Assessment and Management of Hypocupremia with Blood Copper Level of 67 μmol/L
A blood copper level of 67 μmol/L indicates hypercupremia (copper excess), not hypocupremia, and requires further evaluation to determine the underlying cause, which may include Wilson's disease or certain malignancies. 1
Diagnostic Interpretation
A blood copper level of 67 μmol/L is above the normal range and indicates hypercupremia (elevated copper), not hypocupremia (copper deficiency).

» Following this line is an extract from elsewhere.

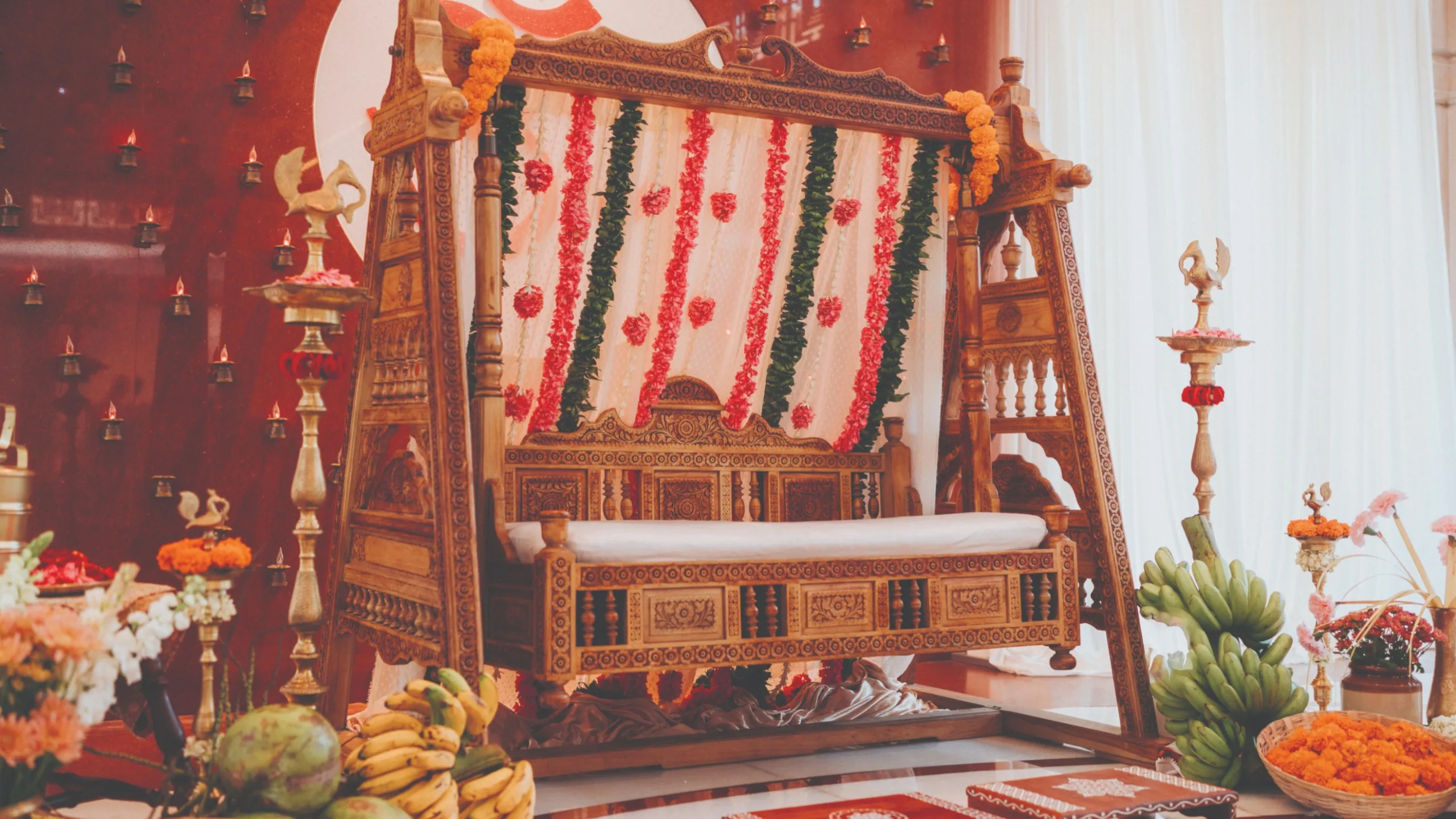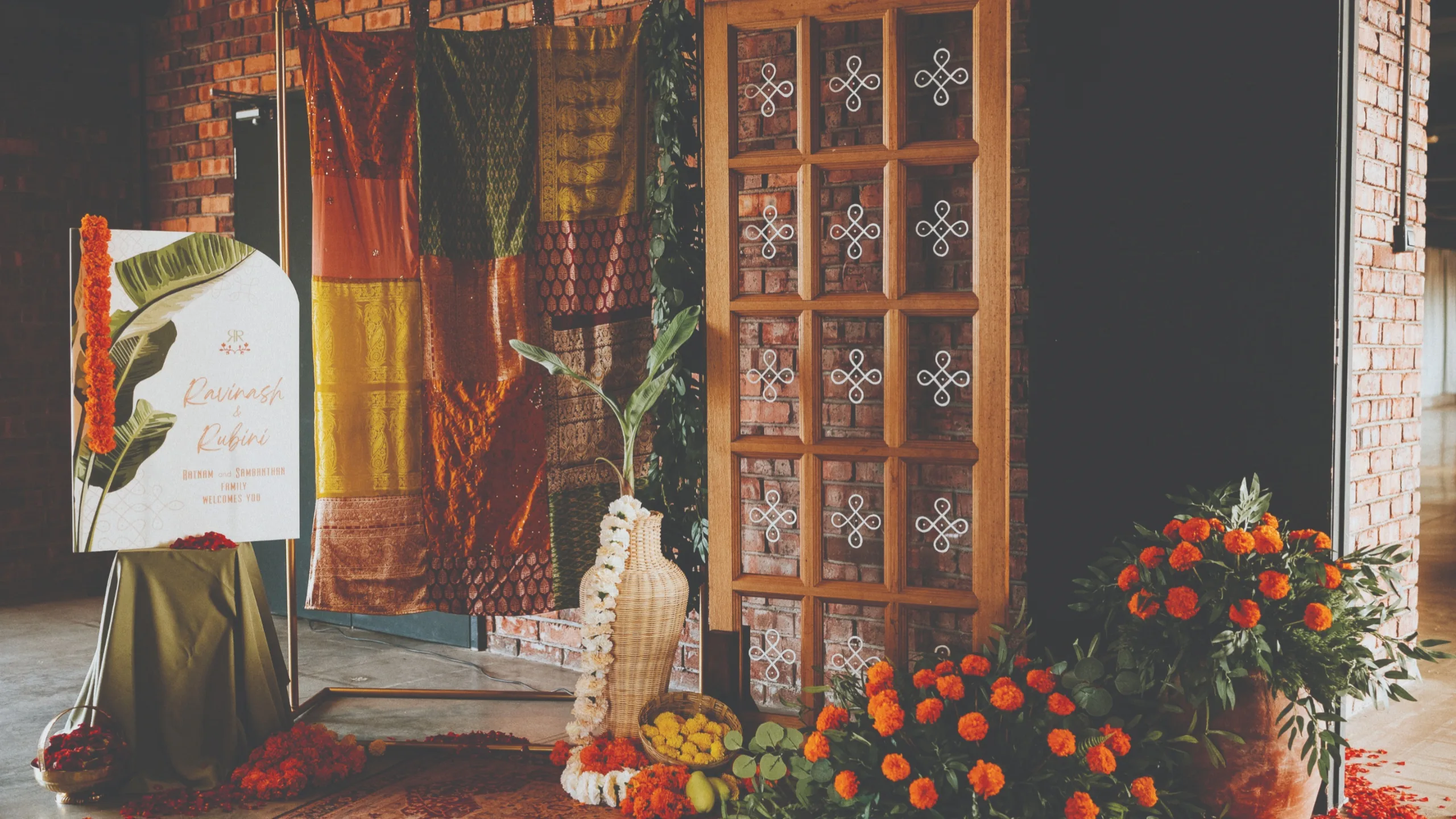 Mani Ratnam’s storytelling had a unique quality that set his work apart, characterized by meticulous attention to detail and a rhythmic aesthetic. Inspired by his methodical yet poetic style, I aimed to infuse this essence into my wedding decor. Striking a balance between staying true to this vision and highlighting individual details was both challenging and rewarding.”

This distinction is critical for proper management:
- Normal serum copper range is typically 12-25 μmol/L (75-145 μg/dL)
- Value of 67 μmol/L suggests pathological copper excess
- This elevation requires further diagnostic workup to determine the underlying cause
Essential Additional Tests
Ceruloplasmin measurement:
- Low ceruloplasmin (<50 mg/L or <5 mg/dL) with elevated copper suggests Wilson's disease 2
- Normal or elevated ceruloplasmin with high copper suggests other causes
Non-ceruloplasmin bound copper calculation:
24-hour urinary copper excretion:
Liver function tests to assess for liver damage
Complete blood count to check for cytopenias that might occur with copper disorders
Differential Diagnosis
Wilson's Disease
- Genetic disorder of copper metabolism
- Presents with liver disease, neurological symptoms, and Kayser-Fleischer rings
- Paradoxically may have low serum copper despite copper overload due to low ceruloplasmin 2
Other Causes of Hypercupremia
- Acute liver failure (copper released from damaged hepatocytes) 2
- Chronic cholestasis 2
- Inflammatory conditions (copper rises as an acute phase reactant) 2
- Malignancies
- Pregnancy (physiological) 2
- Hyperthyroidism 2
- Hemochromatosis 2
Management Approach
If Wilson's Disease is Confirmed:
First-line treatment: Chelation therapy with Trientine, 750-1500 mg/day in 2-3 divided doses 1
Alternative treatment: Zinc therapy with Zinc acetate, 50 mg three times daily 1
Dietary modifications:
- Avoid foods high in copper: shellfish, nuts, chocolate, mushrooms, and organ meats 1
Monitoring parameters:
- 24-hour urinary copper excretion: 200-500 μg/day for chelation therapy
- Non-ceruloplasmin bound copper should normalize with effective treatment
- Regular liver function tests and complete blood count 1
If Other Causes of Hypercupremia:
- Treat the underlying condition
- Monitor copper levels and associated symptoms
- Consider hepatology consultation for persistent unexplained hypercupremia
Monitoring and Follow-up
- Initial phase: Monitor every 1-2 months
- Maintenance phase: Monitor at least twice yearly 1
- Laboratory monitoring should include:
- Liver function tests
- Complete blood count
- Serum copper and ceruloplasmin
- 24-hour urinary copper excretion
- Non-ceruloplasmin bound copper calculation 1
Potential Complications
- Overtreatment: Excessive chelation can lead to copper deficiency with neutropenia, anemia, and neurological symptoms 1
- Untreated Wilson's disease: Progressive liver damage, neurological deterioration
- Copper toxicity symptoms: Hematemesis, hypotension, melena, coma, headaches, behavioral changes, fever, diarrhea, abdominal cramps, Kayser-Fleischer rings, and jaundice 2
Important Considerations
- Copper status assessment should always include CRP determination, as inflammatory states can elevate copper levels 2
- Interpretation of copper levels requires consideration of clinical context and other laboratory parameters
- Permanent neurological damage may occur if diagnosis and treatment are delayed in Wilson's disease
Remember that the value of 67 μmol/L represents hypercupremia (excess copper), not hypocupremia (copper deficiency), and requires appropriate evaluation and management to prevent serious complications.